- **Task item**
Return each entry word for word. Leave the images out.

====== Supplied data

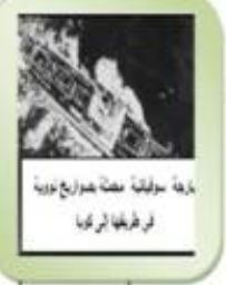
بداية سباق التسلح النووي في أوروبا الشرقية
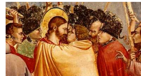
Padoue, Il Santo
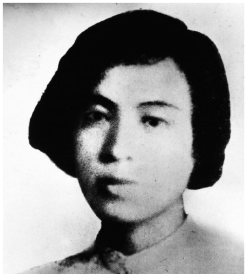
何宝珍像(资料照片) 新华社发

据新华社长沙9月10日电(记者柳玉敏)何宝珍，又名保贞、葆珍，1902年4月出生於湖南省道县。1923年春，加入中国共产党，4月与刘少奇结成革命伴侣。
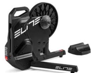
ELITE - SUITO
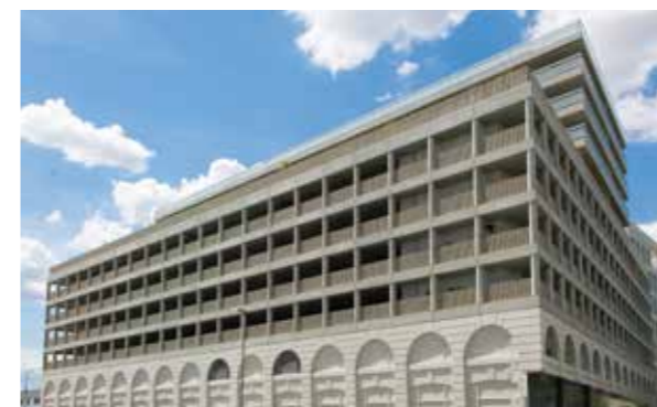
Attique de Brienne à Bordeaux (33) Architecte : Colboc Sachet architecture
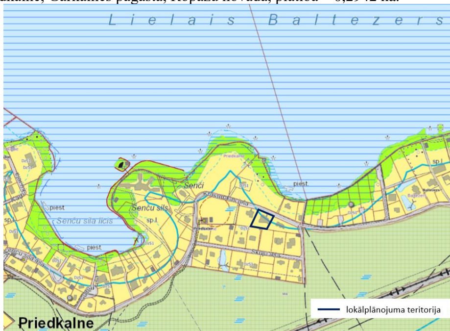
Fragments no teritorijas plānojuma funkcionālā zonējuma kartes

Nekustamā īpašuma ar kadastra numuru 8060 002 0209 sastāvā esoša zemes vienība Krastmalas iela 12 ar kadastra apzīmējumu 8060 002 0209, Priedkalnē, Garkalnes pagastā, Ropažu novadā, platība – 0,2942 ha.
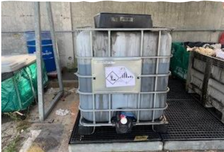
Huile de vidange ( huile industrielle noire)
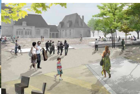
Casernes Beaumont Chauveau
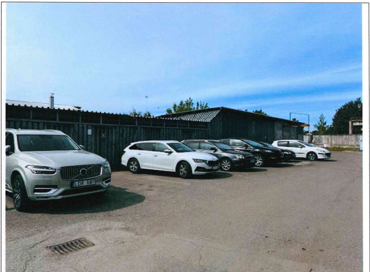
Foto lentelės prie 2025 m. birželio 16 d. patikrinimo akto Nr. ŽPa-36 tęsinys:

Nuotraukos Nr. 6 (šeštas) (eilės numeris ir aprašymas)
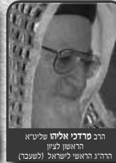
הרב מרדכי אלוהי שליט"א הראשון לציון הרה"ג הראשון לישראל (לשעבר)
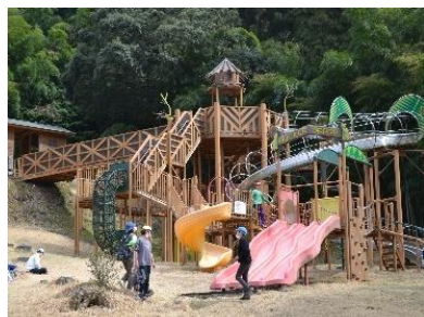
トム・ソーヤ冒険の村で鬼ごっこ
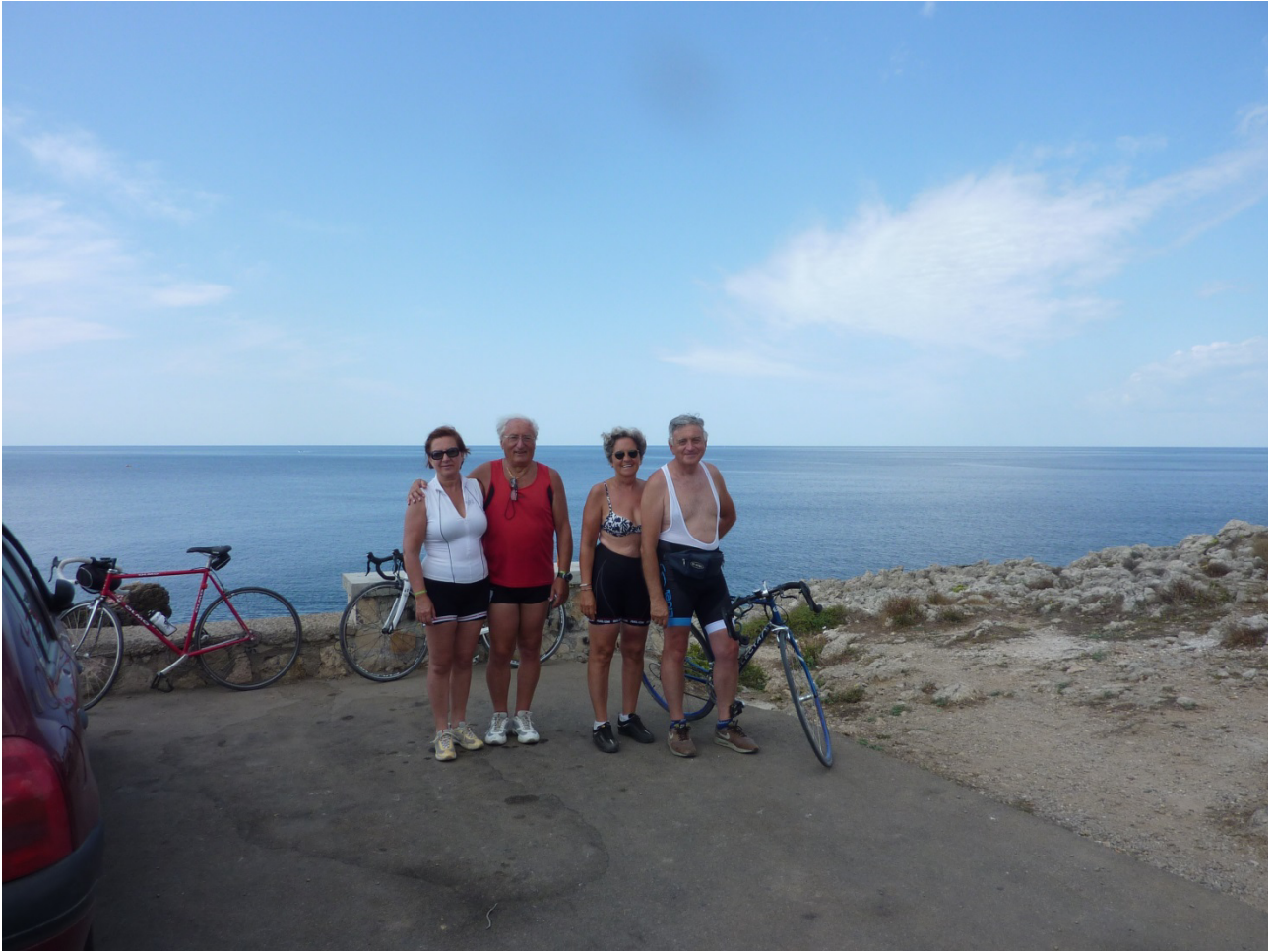
07 settembre 2015 Gallipoli foto ricordo alla fine della litoranea

============

- **Reply to the exercise**
بداية سباق التسلح النووي في أوروبا الشرقية
Padoue, Il Santo
何宝珍像(资料照片) 新华社发

据新华社长沙9月10日电(记者柳玉敏)何宝珍，又名保贞、葆珍，1902年4月出生於湖南省道县。1923年春，加入中国共产党，4月与刘少奇结成革命伴侣。
ELITE - SUITO
Attique de Brienne à Bordeaux (33) Architecte : Colboc Sachet architecture
Fragments no teritorijas plānojuma funkcionālā zonējuma kartes

Nekustamā īpašuma ar kadastra numuru 8060 002 0209 sastāvā esoša zemes vienība Krastmalas iela 12 ar kadastra apzīmējumu 8060 002 0209, Priedkalnē, Garkalnes pagastā, Ropažu novadā, platība – 0,2942 ha.
Huile de vidange ( huile industrielle noire)
Casernes Beaumont Chauveau
Foto lentelės prie 2025 m. birželio 16 d. patikrinimo akto Nr. ŽPa-36 tęsinys:

Nuotraukos Nr. 6 (šeštas) (eilės numeris ir aprašymas)
הרב מרדכי אלוהי שליט"א הראשון לציון הרה"ג הראשון לישראל (לשעבר)
トム・ソーヤ冒険の村で鬼ごっこ
07 settembre 2015 Gallipoli foto ricordo alla fine della litoranea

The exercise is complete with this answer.